» About this exercise:
The records that follow are to be printed exactly, with no images.

» Extracted data entries:
■ ■ ■ ■ ■

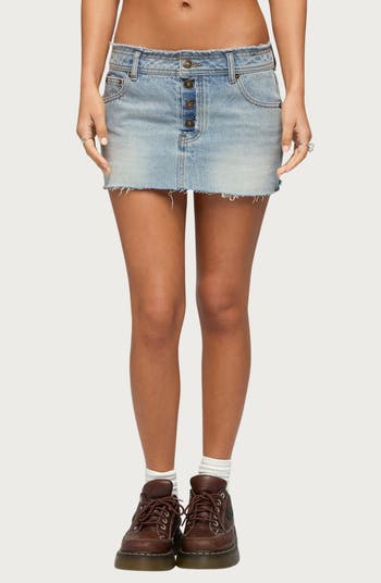 A light-blue wash lends signature style points to a miniskirt cut from distressed nonstretch cotton denim.
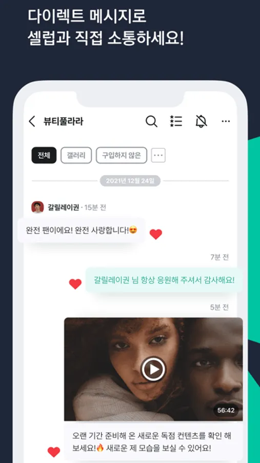 - 팬과 함께 할 수 있는 크리에이터 전용 페이지 구축
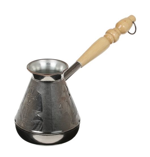 Турка изготовлена из меди, прекрасно подходит для приготовления настоящего кофе на плите. Внешняя поверхность имеет декоративное тиснение, что придает изделию оригинальный внешний вид. Внутренняя сторона покрыта пищевым оловом. Изделие оснащено небольшим носиком и удобной не нагревающейся деревянной ручкой с петелькой для подвешивания. Надежное крепление ручки гарантирует безопасное использование.
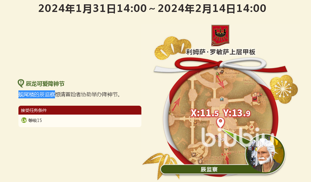 降神节一般指农历新年,是一个比较小的活动,因为《最终幻想14》本身没有对原版进行大规模修改,而日本一般也只过农历新年,所以这个节日活动非常简短。玩家只需要去被称为海都的利姆萨·罗敏萨的上层甲板,在指定坐标找到位于舰尾楼的辰监察开启对话就能开启这个小任务,2024年该节日的任务将会在1月31日到2月14日限时开启。
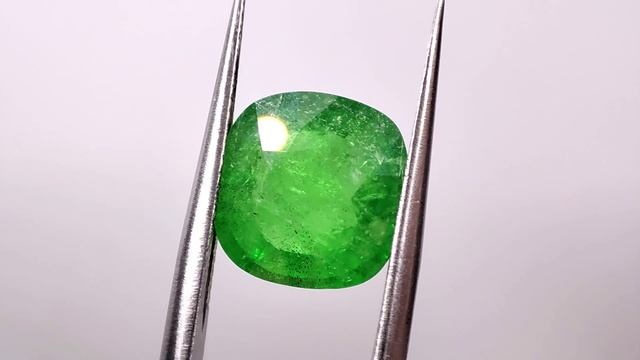 4.75 ct. Гранат Цаворит кушон. Место добычи камня - Танзания. 100% природный камень, без облагораживания. Чистота: SI1(GIA):Г3 (Xtl; Gth; Ftr) Размер: 10,0 х 10,0 х 5,5 мм. №1098
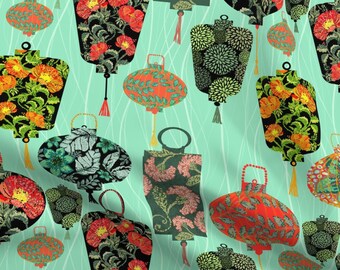 Floral Lanterns Fabric -Lanterns On Point Light Green By Honoluludesign- Lanterns Japanese Floral Cotton Fabric By The Yard With Spoonflower

■ ■ ■ ■ ■

» Exercise answer:
 A light-blue wash lends signature style points to a miniskirt cut from distressed nonstretch cotton denim.
 - 팬과 함께 할 수 있는 크리에이터 전용 페이지 구축
 Турка изготовлена из меди, прекрасно подходит для приготовления настоящего кофе на плите. Внешняя поверхность имеет декоративное тиснение, что придает изделию оригинальный внешний вид. Внутренняя сторона покрыта пищевым оловом. Изделие оснащено небольшим носиком и удобной не нагревающейся деревянной ручкой с петелькой для подвешивания. Надежное крепление ручки гарантирует безопасное использование.
 降神节一般指农历新年,是一个比较小的活动,因为《最终幻想14》本身没有对原版进行大规模修改,而日本一般也只过农历新年,所以这个节日活动非常简短。玩家只需要去被称为海都的利姆萨·罗敏萨的上层甲板,在指定坐标找到位于舰尾楼的辰监察开启对话就能开启这个小任务,2024年该节日的任务将会在1月31日到2月14日限时开启。
 4.75 ct. Гранат Цаворит кушон. Место добычи камня - Танзания. 100% природный камень, без облагораживания. Чистота: SI1(GIA):Г3 (Xtl; Gth; Ftr) Размер: 10,0 х 10,0 х 5,5 мм. №1098
 Floral Lanterns Fabric -Lanterns On Point Light Green By Honoluludesign- Lanterns Japanese Floral Cotton Fabric By The Yard With Spoonflower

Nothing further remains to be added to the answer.